Sydney was once again blanketed by thick smoke on Friday as the air quality level dropped below notoriously polluted cities including Jakarta, Guangzhou and Hanoi.

As Sydney rose to a worrying eighth worse in the city pollution rankings, sat just behind Mumbai, the NSW Environment, Energy and Science revealed the state was now subject to unprecedented levels of pollution thanks to the relentless drought and damaging bushfires that have decimated over a million hectares of bushland over the past two weeks.

“The impacts of the ongoing drought and recent bushfires have led to some of the highest levels of air pollutants recorded in NSW since air quality monitoring began during the millennium drought,” a department spokesperson told Yahoo News Australia.

“Smoke from the current bushfire emergency is having widespread impacts across northern NSW, the North Coast, Northern Tablelands and into the Hunter and Sydney regions.”

A spokesperson told the Sydney Morning Herald they are “the highest [levels] ever recorded in NSW.”

The smoke pollution is particularly worrying as recordings measure smoke particles that can be absorbed into the human blood stream.

NSW air quality indexes on Friday morning deemed Sydney's northwest and southwest regions "hazardous" for air pollution. Sydney's east was deemed between "very poor" and "hazardous" quality.

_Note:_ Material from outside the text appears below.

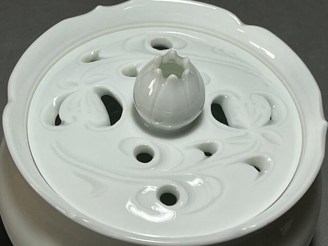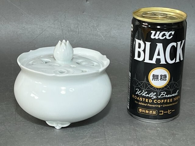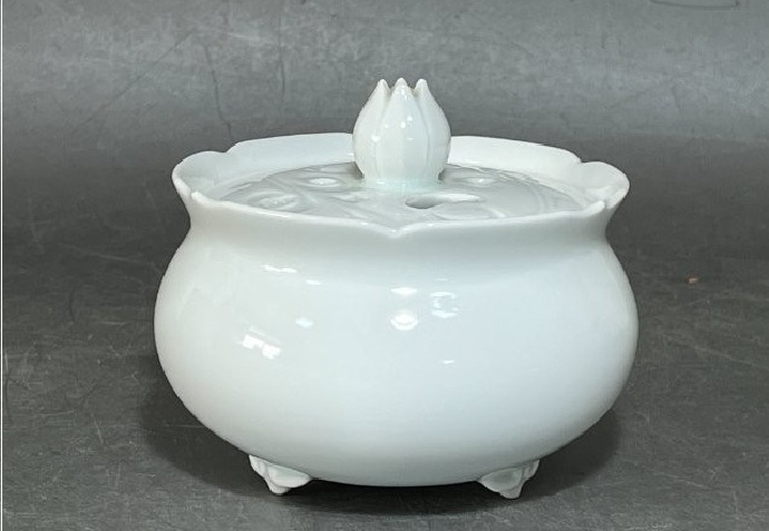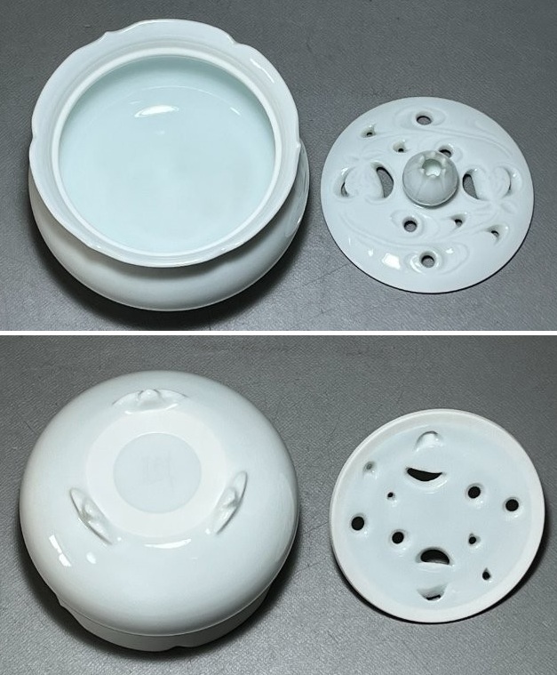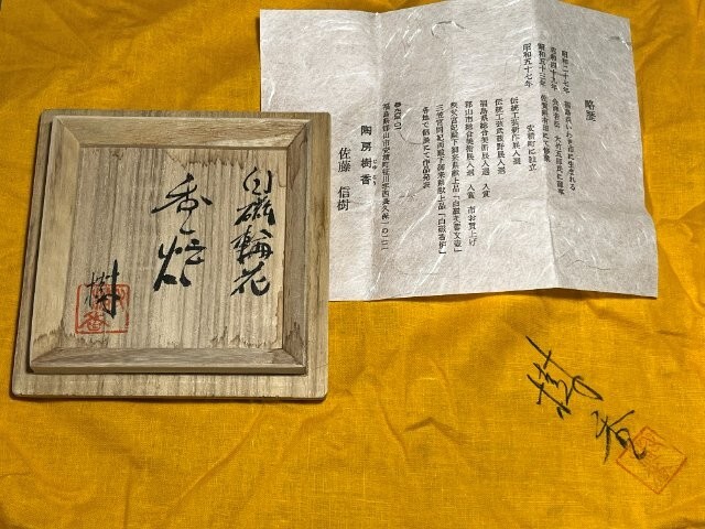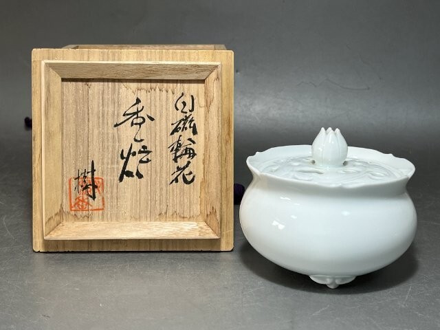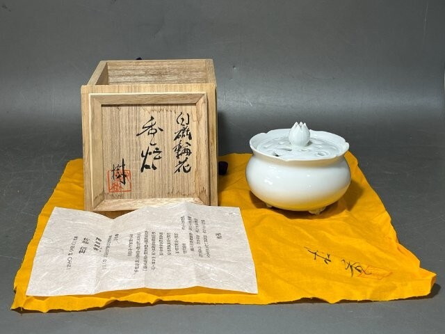 オークションをご覧いただきありがとうございます。 陶房樹香 佐藤信樹 輪花白磁 香炉 四方桟共箱 共布 栞 径約9.5㎝ 高さ約8㎝ 重さ238g 長期保管品で特筆する傷等は見られません。 現状でのお渡しになります。 写真をご参照ください。 |

The Lower and Upper Hunter regions were also enduring hazardous air quality.

The Sydney skyline covered in smoke from Balmain on Friday with a red sun in the background.
The Sydney skyline from Balmain on Friday. Source: AAP

Once again dozens of Sydney residents took to social media to share images of Sydney Harbour and other notable landscapes appearing almost unrecognisable thanks to thick smoke.

Jockey Andrew Adkins rode in Sydney’s west on Thursday and described the conditions as “terrible”.

"I'm asthmatic so it affects me a bit more than a normal person but it (smoke) was pretty savage," Adkins said.

"You could taste it."

NSW Health reiterated to Sydneysiders to only go outside when necessary and warned people with existing lung conditions, such as asthma, may experience an exacerbation of their symptoms if exposed to the conditions.

The air quality has meant a series of meets have been cancelled.

The NSW Rural Fire Service said while some of the smoke in Sydney had started to clear thanks to southerly winds, residents can expect poor conditions for days to come.